ACTIVITY
Apart from the pictures, every entry must be retyped exactly.

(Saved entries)
================================

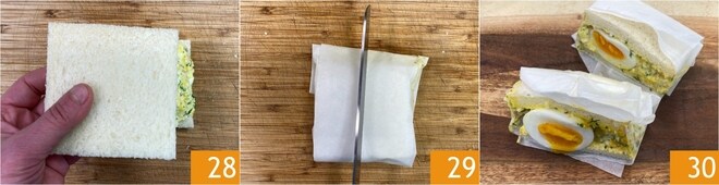 Schließen Sie mit der zweiten Scheibe Brot 28. Nun müssen Sie das Egg Sandwich in Backpapier einwickeln, damit Sie es leichter genießen können: Jetzt können Sie es in der Mitte mit einem gezackten Messer halbieren 29. Wiederholen Sie den Vorgang, um die anderen 3 Sandwiches zu formen. Ihr Egg Sandwich ist bereit, genossen zu werden 30!
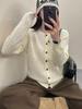 Casaco de manga comprida feminino 2025 primavera e verão novo suéter fino top falso cardigan de duas peças casual jaqueta all-match
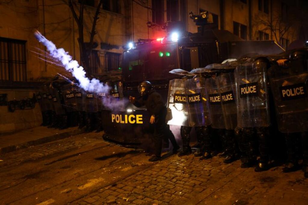 | Des policiers face aux manifestants lors de la cinquième nuit consécutive de mobilisation contre le report des négociations d'adhésion à l'UE, dans le centre de Tbilissi, en Géorgie, le 2 décembre 2024. |
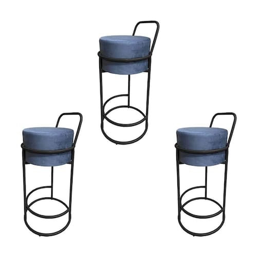 AS IMAGENS SÃO MERAMENTE ILUSTRATIVAS E PODEM SOFRER VARIAÇÕES DE COR E PEQUENOS DETALHES DE ACORDO COM O SEU MONITOR, ILUMINAÇÃO DO AMBIENTE E ATÉ MESMO A SUA PERCEPÇÃO 3 Banquetas Alta Redonda Base Preta Veludo Cinza
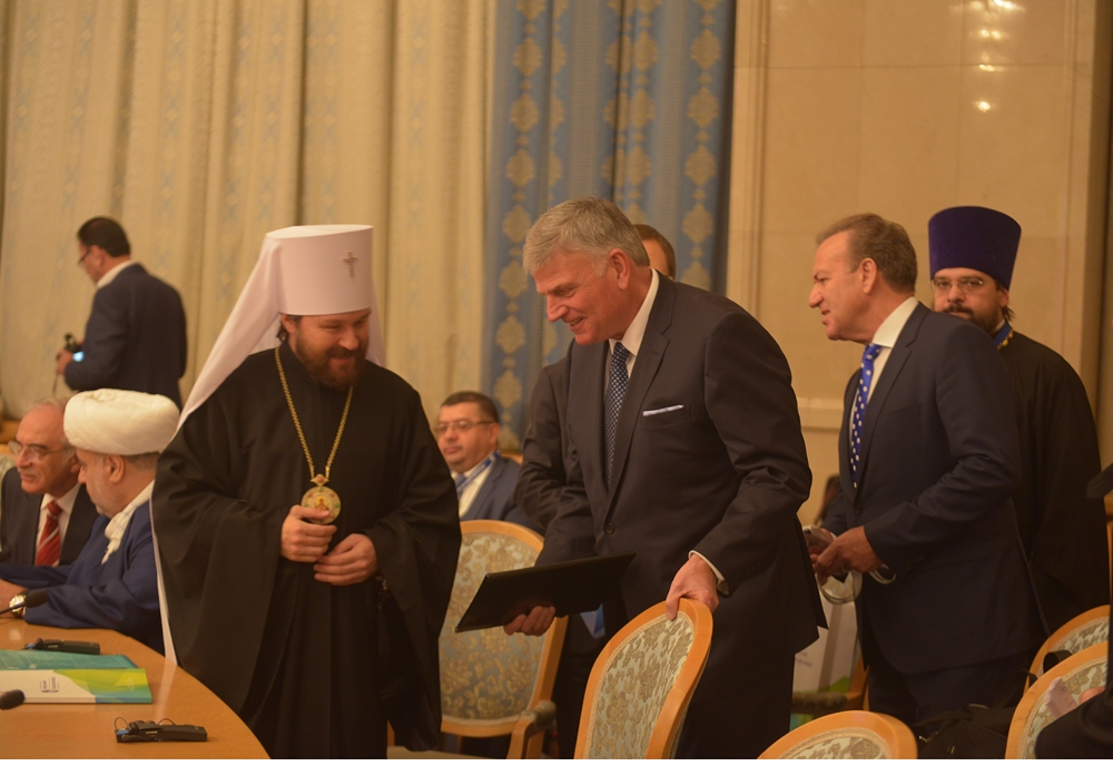 I am very grateful to His Holiness Patriarch Kirill and His Eminence Metropolitan Hilarion for their kindness in inviting me to speak to this distinguished gathering of international religious leaders on the subject of peace. I cannot help but recall that 33 years ago – in 1982 – His Holiness Patriarch Pimen extended a similar invitation to my father, the Rev. Dr. Billy Graham, to speak here at another conference on world peace sponsored by the Russian Orthodox Church. It was the height of the Cold War, and many in my own country — including some of our highest officials — strongly urged him not to come. However, my father was convinced God had called him to raise his voice against the dangers of nuclear and biochemical weapons of mass destruction. I believe that conference led eventually to a new era of peace and understanding. The issues we face today may be different, but I pray that this gathering may have a similar impact.

================================

RESPONSE TO THE EXERCISE
 Schließen Sie mit der zweiten Scheibe Brot 28. Nun müssen Sie das Egg Sandwich in Backpapier einwickeln, damit Sie es leichter genießen können: Jetzt können Sie es in der Mitte mit einem gezackten Messer halbieren 29. Wiederholen Sie den Vorgang, um die anderen 3 Sandwiches zu formen. Ihr Egg Sandwich ist bereit, genossen zu werden 30!
 Casaco de manga comprida feminino 2025 primavera e verão novo suéter fino top falso cardigan de duas peças casual jaqueta all-match
 | Des policiers face aux manifestants lors de la cinquième nuit consécutive de mobilisation contre le report des négociations d'adhésion à l'UE, dans le centre de Tbilissi, en Géorgie, le 2 décembre 2024. |
 AS IMAGENS SÃO MERAMENTE ILUSTRATIVAS E PODEM SOFRER VARIAÇÕES DE COR E PEQUENOS DETALHES DE ACORDO COM O SEU MONITOR, ILUMINAÇÃO DO AMBIENTE E ATÉ MESMO A SUA PERCEPÇÃO 3 Banquetas Alta Redonda Base Preta Veludo Cinza
 I am very grateful to His Holiness Patriarch Kirill and His Eminence Metropolitan Hilarion for their kindness in inviting me to speak to this distinguished gathering of international religious leaders on the subject of peace. I cannot help but recall that 33 years ago – in 1982 – His Holiness Patriarch Pimen extended a similar invitation to my father, the Rev. Dr. Billy Graham, to speak here at another conference on world peace sponsored by the Russian Orthodox Church. It was the height of the Cold War, and many in my own country — including some of our highest officials — strongly urged him not to come. However, my father was convinced God had called him to raise his voice against the dangers of nuclear and biochemical weapons of mass destruction. I believe that conference led eventually to a new era of peace and understanding. The issues we face today may be different, but I pray that this gathering may have a similar impact.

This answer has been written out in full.